Les médias arabes pleurent la perte de Youssef Khazem, le «doux géant»

  • Pendant ses trente ans de carrière, il a travaillé pour plus d’une douzaine de quotidiens et d’institutions médiatiques au Royaume-Uni, dans le monde arabe, ainsi qu’en Afrique
  • Son domaine d’expertise en tant que journaliste est l’Afrique, où il couvre la famine, les guerres et les conflits seize ans durant

LONDRES: Le célèbre journaliste libano-britannique Youssef Khazem est décédé, après avoir lutté contre un cancer. Il avait 64 ans.

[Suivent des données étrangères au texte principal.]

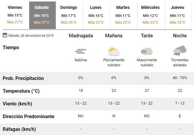 Según adelantaron los meteorólogos del SMN, para el sábado se espera una jornada con abundante nubosidad y un clima que irá desmejorando a lo largo del día, cerrando la jornada con la posibilidad de algunas "lluvias aisladas".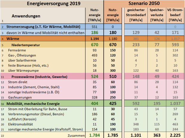 Wie Abb. 3 zeigt, werden die in 2019 bestehenden Nutzenergiemengen der vier Anwendungsfelder durch etwa die gleichen Nutzenergiemengen in der Zukunft ersetzt, diese aber meist auf andere Weise bereitgestellt (Details siehe [3]). Beispielsweise wird in diesem Szenario die Solarthermie von heute 10 TWh/a ausgebaut auf 50 TWh/a und die Technik der Wärmepumpe geht von 17,5 auf angenommene 300 TWh/a. Beides macht viel Wärme aus wenig Strom. Ziel ist, dass die Summe aller Wärmeerzeugungsarten wieder die gleiche Nutzenergie ergibt. Das Prinzip des Erhalts der Nutzenergie sichert den gesellschaftlichen Wohlstand und damit auch einen funktionierenden Sozialstaat.

«Cet ami que j’ai connu sur les bancs de l’université à Beyrouth va beaucoup me manquer», déclare l’une de ses proches, Najia al-Houssari, journaliste d’Arab News. «Rien n’a jamais altéré notre amitié au fil des décennies. Mais qu’est-ce qui aurait bien pu la menacer, quand on a affaire à une personne aussi noble, sincère, calme et aimante?»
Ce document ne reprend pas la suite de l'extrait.